The 4 risks of taking common painkillers – from killer emergencies to debilitating pain


IF you’ve ever had a headache or some form of pain, then it’s likely you would have reached for a remedy.

Common painkillers such as paracetamol can work wonders for a variety of ailments.

Most people take a couple of pills occasionally to treat inflammatory pain. 

But those who find themselves using them daily, or more than the intended use, could be putting themselves in real danger.

Various studies have suggested that taking these pills could leave you with serious health issues.

Dr Sarah Jarvis, GP and Clinical Director of, previously said the risks associated with ibuprofen are “very well documented”.

“For most people, taking the standard dose in the short term is associated with a low risk of side effects,” she told The Sun.

“Where we get into problems is when someone is taking a high dose, or over the long term [weeks or months], but especially both together.”

1. Tinnitus

Over-the-counter painkillers such as ibuprofen, paracetamol and aspirin have previously been linked to a 20 per cent higher risk of developing tinnitus.

Tinnitus is a medical term to describe the perception of noise either in one ear, both ears or in the head, when there is no corresponding external sound.

It is often described as a “ringing in the ears” but the exact sound heard can vary from person to person.

A study by Brigham and Women’s Hospital in Boston, US, found that frequent use could raise your risk of the condition.

Dr Sharon Curhan said: “Even though these painkillers are widely available without a prescription, these are still medications and there are potential side effects. 

“They clearly have benefits with short-term use. 

“However, frequent use over long periods of time may increase the risk of tinnitus and may cause other adverse health effects.

“It is important to take these medications mindfully and to limit their use as much as possible.”

2. Behaviour

A set of studies conducted by gurus Ohio State University found that taking acetaminophen could make people take greater risks than they usually would.

Over 100 people were given the suggested dose for a headache with some being given a placebo drug.

Each one was then asked to rate different events as to how risky they were.

Co-author of the study, Baldwin Way explained: “Acetaminophen seems to make people feel less negative emotion when they consider risky activities – they just don’t feel as scared.”

The experts found that those who had taken the pills viewed things like bungee jumping, or speaking your mind at work, as less risky than those who took the placebo pill.

3. Back pain

Most people who suffer with back pain will pop a pill to relieve the symptoms.

But previous studies have shown that some medications can actually make the pain worse.

Pills like ibuprofen, aspirin and naproxen were all trialled as part of a study at McGill University in Canada.

The results showed that anti-inflammatory pills only provided limited short term pain relief.

The medics also said that such pills can increase the risk of gastrointestinal side effects by 2.5 times.

Alongside this they found that the pills can also increase the risk of heartburn and irritation of the stomach.

4. Heart issues

If you pop painkillers on a regular basis, experts say you could put yourself at an increased risk of heart issues such as heart attacks – which are a medical emergency.

Aspirin has been linked to a 26 per cent rise in heart problems in those with at least one predisposing factor.

These include smoking, obesity, high blood pressure, high cholesterol, diabetes and cardiovascular disease.

A study published in ESC Heart Failure found “those taking aspirin were more likely to subsequently develop the condition than those not using the medication”.

Study author Dr.
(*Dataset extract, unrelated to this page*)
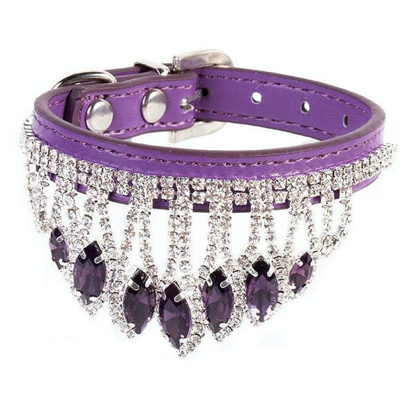 Rhinestone Puppy/Cat Collar, XS Purple - PU Leather

Blerim Mujaj of the University of Freiburg, Germany, said: “While the findings require confirmation, they do indicate that the potential link between aspirin and heart failure needs to be clarified.”
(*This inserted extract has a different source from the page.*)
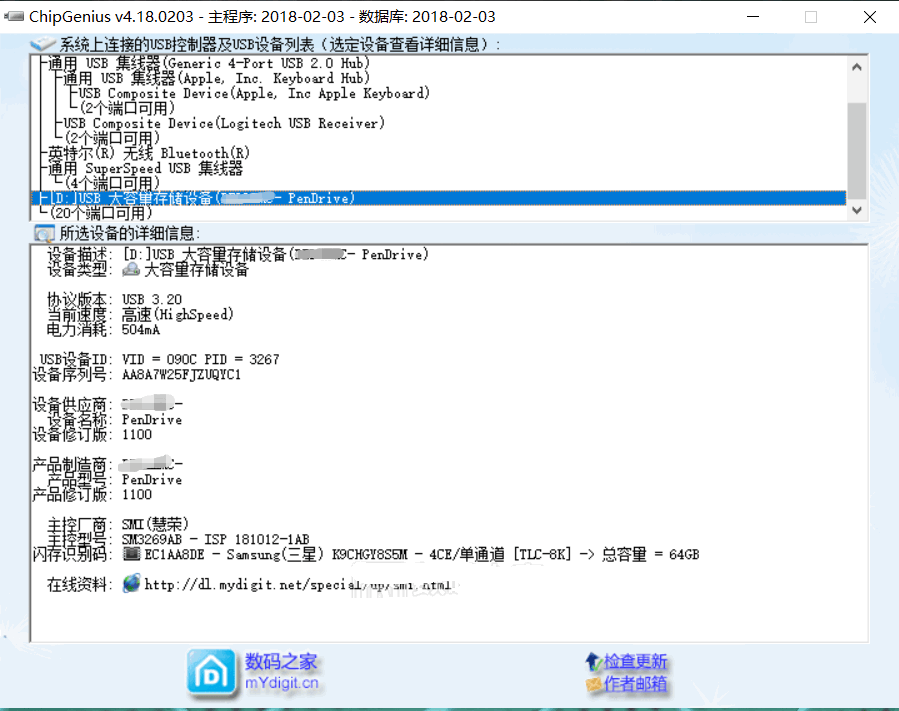 闪存吹上后,直接用 慧荣SM3268AB V2.5.69版量产工具识别如下图

You should always consult your doctor or health care professional before taking any painkillers.

The NHS recommends you consult your pharmacist or doctor before taking ibuprofen if:

  • You’ve had a perforation or bleeding in your stomach, or a stomach ulcer more than once, especially if it was caused by an NSAID (non-steroidal anti-inflammatory drug).
  • You have a health problem that means you have an increased chance of bleeding.
  • You have severe heart failure, kidney failure, or liver failure.
  • You’re pregnant, breastfeeding, or trying to get pregnant.
  • You have high blood pressure that’s not under control, heart disease, mild to moderate heart failure, or have ever had a stroke.
  • You have kidney or liver problems, asthma, hay fever or allergies, Crohn’s disease, ulcerative colitis, or diabetes.
  • You have chickenpox or shingles, or an infection – taking ibuprofen can increase the chance of certain infections and skin reactions.

If in doubt, always speak to a pharmacist or doctor to find out if ibuprofen is right for you, and always read the leaflet in the medicine pack.